● INPUT DATA:
= Beginning of Section =

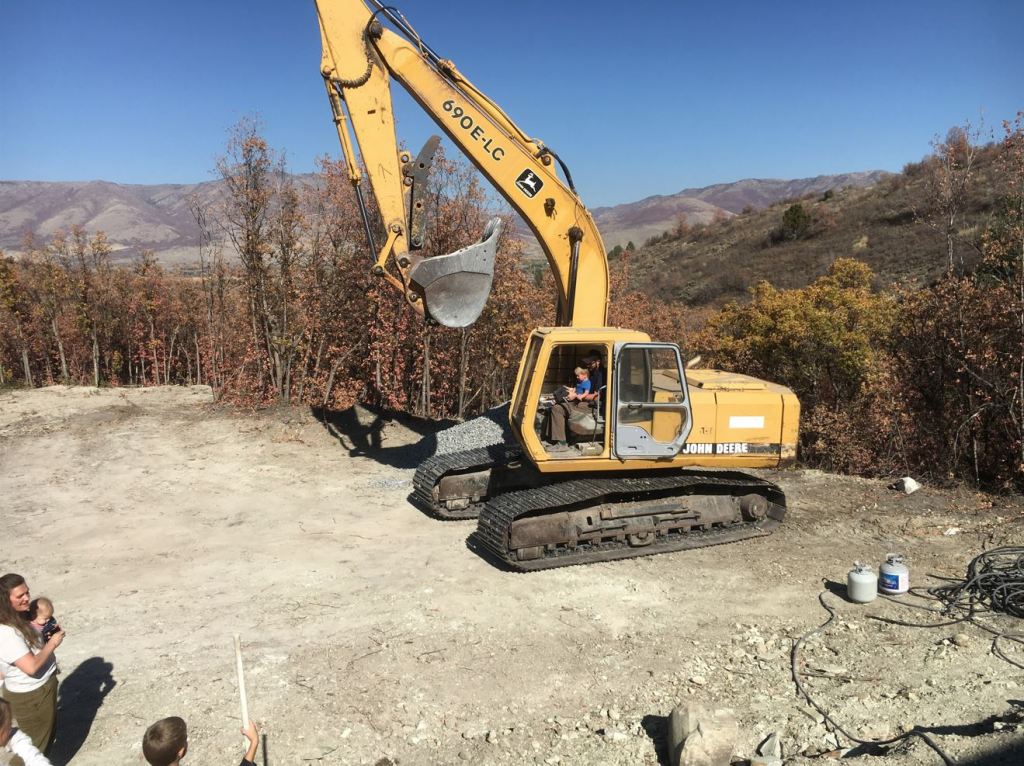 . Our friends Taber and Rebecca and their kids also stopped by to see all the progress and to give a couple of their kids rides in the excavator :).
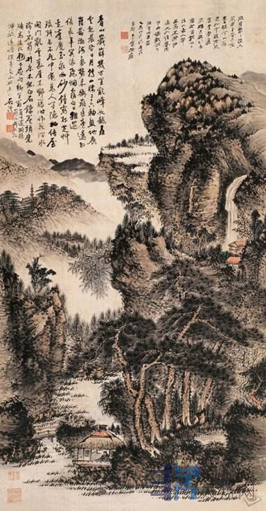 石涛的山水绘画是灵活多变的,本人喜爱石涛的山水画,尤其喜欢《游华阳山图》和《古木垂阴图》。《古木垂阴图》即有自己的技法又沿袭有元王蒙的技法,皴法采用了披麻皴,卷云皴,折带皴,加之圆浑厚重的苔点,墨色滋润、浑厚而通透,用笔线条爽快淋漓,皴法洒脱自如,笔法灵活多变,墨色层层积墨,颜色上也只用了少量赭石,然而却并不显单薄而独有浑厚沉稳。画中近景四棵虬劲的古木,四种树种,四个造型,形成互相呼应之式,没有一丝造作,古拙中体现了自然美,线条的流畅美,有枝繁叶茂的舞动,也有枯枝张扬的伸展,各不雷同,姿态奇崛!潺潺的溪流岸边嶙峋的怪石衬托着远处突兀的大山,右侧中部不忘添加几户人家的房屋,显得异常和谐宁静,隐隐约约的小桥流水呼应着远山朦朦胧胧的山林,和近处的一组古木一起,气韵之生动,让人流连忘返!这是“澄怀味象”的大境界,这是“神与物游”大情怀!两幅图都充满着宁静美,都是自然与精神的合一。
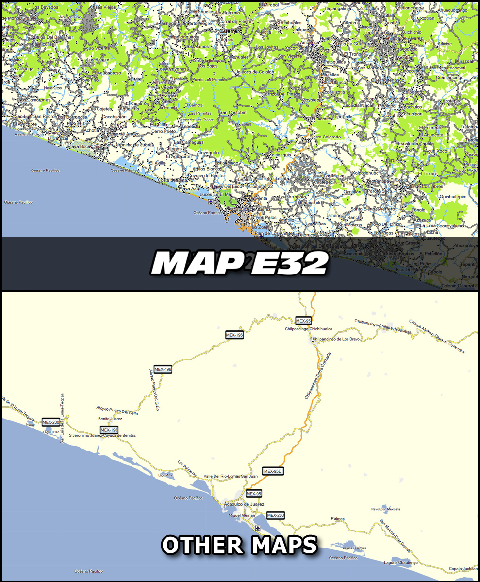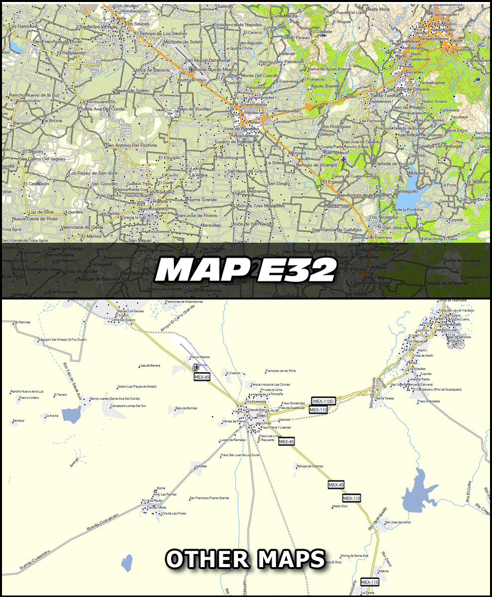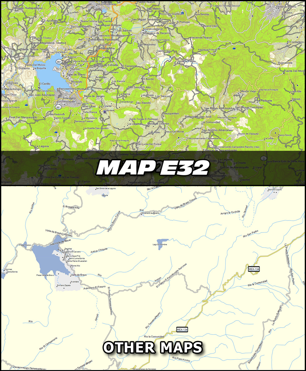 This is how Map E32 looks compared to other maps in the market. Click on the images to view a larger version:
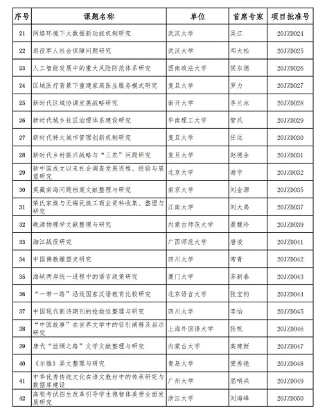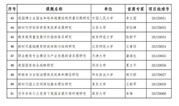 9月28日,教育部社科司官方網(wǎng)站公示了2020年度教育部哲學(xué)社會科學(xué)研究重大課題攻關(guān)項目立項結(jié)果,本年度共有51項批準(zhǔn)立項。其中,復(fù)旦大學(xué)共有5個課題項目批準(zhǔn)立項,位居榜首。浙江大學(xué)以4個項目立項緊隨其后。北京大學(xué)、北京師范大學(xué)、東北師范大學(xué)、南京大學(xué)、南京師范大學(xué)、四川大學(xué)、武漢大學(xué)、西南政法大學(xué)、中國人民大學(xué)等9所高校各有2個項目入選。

= End of Section =

● GOAL OF THE EXERCISE:
The whole listing, pictures excluded, should be output exactly.

● SOLUTION:
 . Our friends Taber and Rebecca and their kids also stopped by to see all the progress and to give a couple of their kids rides in the excavator :).
 石涛的山水绘画是灵活多变的,本人喜爱石涛的山水画,尤其喜欢《游华阳山图》和《古木垂阴图》。《古木垂阴图》即有自己的技法又沿袭有元王蒙的技法,皴法采用了披麻皴,卷云皴,折带皴,加之圆浑厚重的苔点,墨色滋润、浑厚而通透,用笔线条爽快淋漓,皴法洒脱自如,笔法灵活多变,墨色层层积墨,颜色上也只用了少量赭石,然而却并不显单薄而独有浑厚沉稳。画中近景四棵虬劲的古木,四种树种,四个造型,形成互相呼应之式,没有一丝造作,古拙中体现了自然美,线条的流畅美,有枝繁叶茂的舞动,也有枯枝张扬的伸展,各不雷同,姿态奇崛!潺潺的溪流岸边嶙峋的怪石衬托着远处突兀的大山,右侧中部不忘添加几户人家的房屋,显得异常和谐宁静,隐隐约约的小桥流水呼应着远山朦朦胧胧的山林,和近处的一组古木一起,气韵之生动,让人流连忘返!这是“澄怀味象”的大境界,这是“神与物游”大情怀!两幅图都充满着宁静美,都是自然与精神的合一。
 This is how Map E32 looks compared to other maps in the market. Click on the images to view a larger version:
 9月28日,教育部社科司官方網(wǎng)站公示了2020年度教育部哲學(xué)社會科學(xué)研究重大課題攻關(guān)項目立項結(jié)果,本年度共有51項批準(zhǔn)立項。其中,復(fù)旦大學(xué)共有5個課題項目批準(zhǔn)立項,位居榜首。浙江大學(xué)以4個項目立項緊隨其后。北京大學(xué)、北京師范大學(xué)、東北師范大學(xué)、南京大學(xué)、南京師范大學(xué)、四川大學(xué)、武漢大學(xué)、西南政法大學(xué)、中國人民大學(xué)等9所高校各有2個項目入選。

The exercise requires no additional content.